### Exercise description:
Below are the records; give again exactly the lines from the one containing "Купальник пришёл раньше" through the one containing "Colorful tie dye", leaving out pictures.

### Material shown:
***

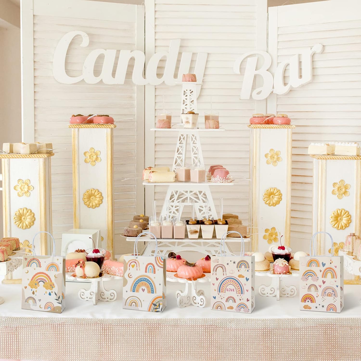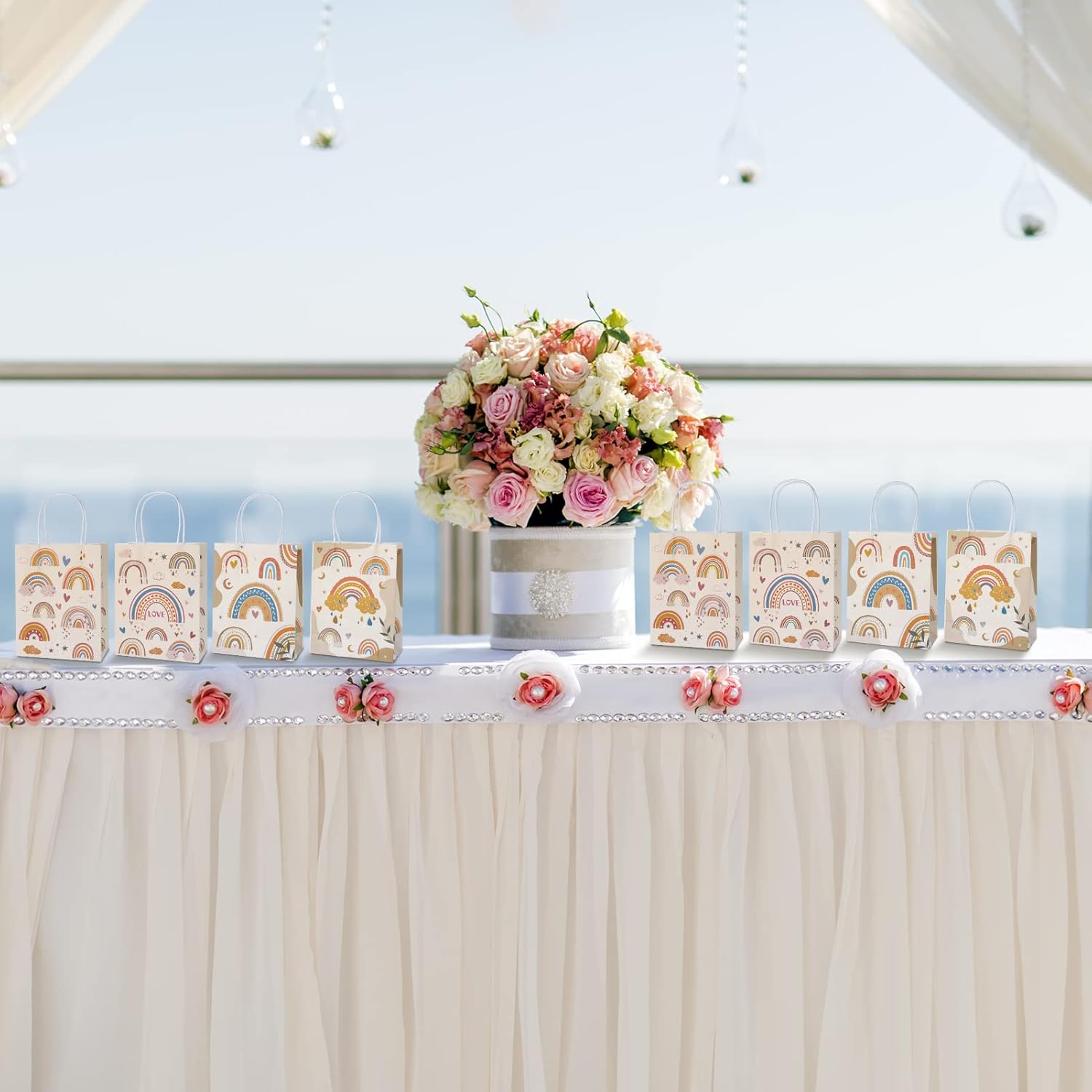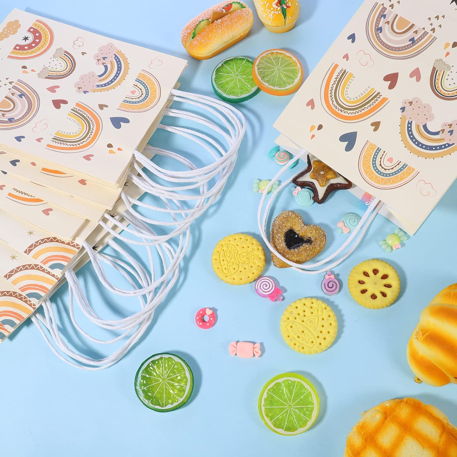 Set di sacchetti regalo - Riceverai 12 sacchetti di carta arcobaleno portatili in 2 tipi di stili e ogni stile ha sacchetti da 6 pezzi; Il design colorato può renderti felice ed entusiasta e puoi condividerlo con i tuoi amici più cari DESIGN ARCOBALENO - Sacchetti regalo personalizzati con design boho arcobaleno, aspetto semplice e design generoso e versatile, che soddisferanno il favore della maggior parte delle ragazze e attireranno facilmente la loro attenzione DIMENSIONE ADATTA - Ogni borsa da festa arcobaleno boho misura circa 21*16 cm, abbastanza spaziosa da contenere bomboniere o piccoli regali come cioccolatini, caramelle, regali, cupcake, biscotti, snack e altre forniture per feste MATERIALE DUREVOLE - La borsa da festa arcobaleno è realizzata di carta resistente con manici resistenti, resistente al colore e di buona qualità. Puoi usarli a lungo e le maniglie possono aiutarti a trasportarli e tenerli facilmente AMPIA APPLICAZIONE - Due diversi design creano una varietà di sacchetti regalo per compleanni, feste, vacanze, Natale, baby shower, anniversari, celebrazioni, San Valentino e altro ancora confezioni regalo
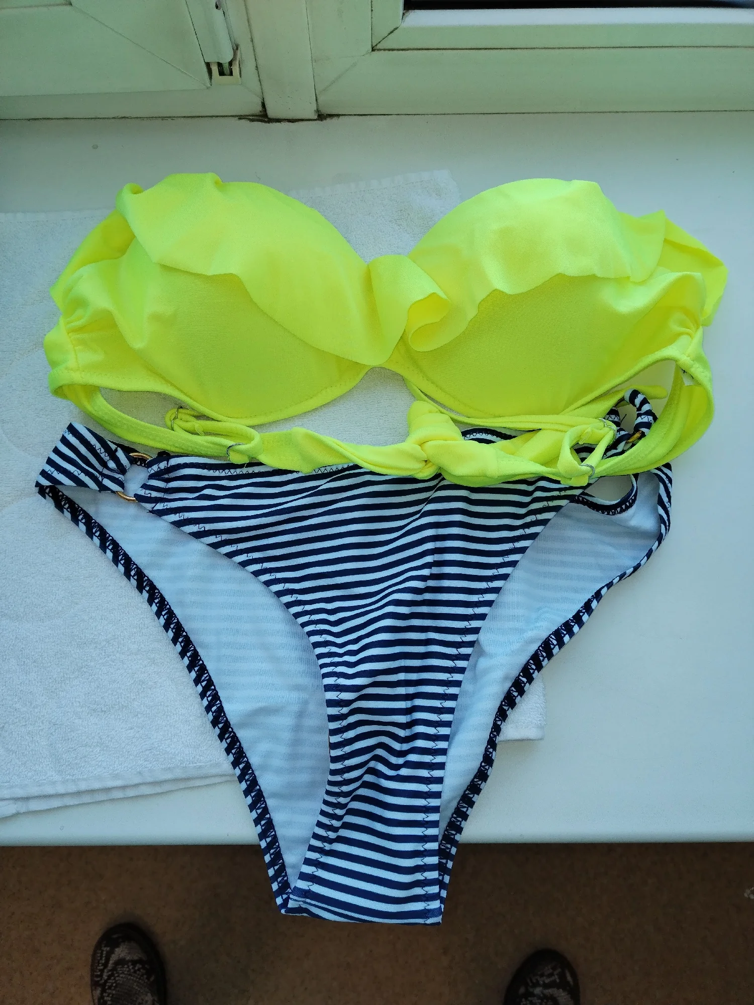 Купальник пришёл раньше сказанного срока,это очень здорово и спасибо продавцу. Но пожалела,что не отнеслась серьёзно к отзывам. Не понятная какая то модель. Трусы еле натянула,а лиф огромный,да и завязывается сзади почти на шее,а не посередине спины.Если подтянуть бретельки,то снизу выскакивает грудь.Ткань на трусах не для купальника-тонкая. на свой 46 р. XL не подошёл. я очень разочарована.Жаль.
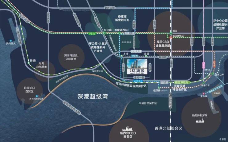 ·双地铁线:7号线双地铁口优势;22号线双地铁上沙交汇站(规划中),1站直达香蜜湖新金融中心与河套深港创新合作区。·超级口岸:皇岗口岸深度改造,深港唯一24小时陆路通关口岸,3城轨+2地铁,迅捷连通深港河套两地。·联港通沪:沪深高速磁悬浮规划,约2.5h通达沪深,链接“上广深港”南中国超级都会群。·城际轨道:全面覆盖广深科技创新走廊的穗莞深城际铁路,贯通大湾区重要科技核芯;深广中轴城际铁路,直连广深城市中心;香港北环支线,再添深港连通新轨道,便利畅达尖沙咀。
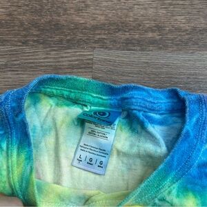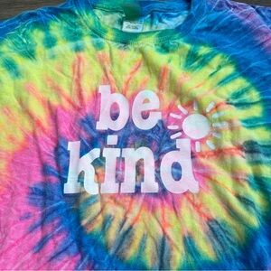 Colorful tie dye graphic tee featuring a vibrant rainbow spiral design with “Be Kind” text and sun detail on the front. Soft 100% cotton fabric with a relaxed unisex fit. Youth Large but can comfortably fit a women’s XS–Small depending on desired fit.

***

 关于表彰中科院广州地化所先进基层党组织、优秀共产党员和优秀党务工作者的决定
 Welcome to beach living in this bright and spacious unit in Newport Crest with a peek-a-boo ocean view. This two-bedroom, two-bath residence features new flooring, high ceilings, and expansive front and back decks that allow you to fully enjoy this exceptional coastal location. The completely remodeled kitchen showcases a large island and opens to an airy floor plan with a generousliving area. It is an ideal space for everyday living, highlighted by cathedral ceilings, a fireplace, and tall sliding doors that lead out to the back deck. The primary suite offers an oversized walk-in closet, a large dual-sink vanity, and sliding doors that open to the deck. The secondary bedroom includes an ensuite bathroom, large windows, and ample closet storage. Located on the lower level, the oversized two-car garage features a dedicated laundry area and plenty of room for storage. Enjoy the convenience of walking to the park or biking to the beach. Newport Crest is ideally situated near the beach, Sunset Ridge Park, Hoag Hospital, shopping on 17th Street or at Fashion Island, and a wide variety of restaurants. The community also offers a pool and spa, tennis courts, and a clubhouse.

***

### Response:
 Купальник пришёл раньше сказанного срока,это очень здорово и спасибо продавцу. Но пожалела,что не отнеслась серьёзно к отзывам. Не понятная какая то модель. Трусы еле натянула,а лиф огромный,да и завязывается сзади почти на шее,а не посередине спины.Если подтянуть бретельки,то снизу выскакивает грудь.Ткань на трусах не для купальника-тонкая. на свой 46 р. XL не подошёл. я очень разочарована.Жаль.
 ·双地铁线:7号线双地铁口优势;22号线双地铁上沙交汇站(规划中),1站直达香蜜湖新金融中心与河套深港创新合作区。·超级口岸:皇岗口岸深度改造,深港唯一24小时陆路通关口岸,3城轨+2地铁,迅捷连通深港河套两地。·联港通沪:沪深高速磁悬浮规划,约2.5h通达沪深,链接“上广深港”南中国超级都会群。·城际轨道:全面覆盖广深科技创新走廊的穗莞深城际铁路,贯通大湾区重要科技核芯;深广中轴城际铁路,直连广深城市中心;香港北环支线,再添深港连通新轨道,便利畅达尖沙咀。
 Colorful tie dye graphic tee featuring a vibrant rainbow spiral design with “Be Kind” text and sun detail on the front. Soft 100% cotton fabric with a relaxed unisex fit. Youth Large but can comfortably fit a women’s XS–Small depending on desired fit.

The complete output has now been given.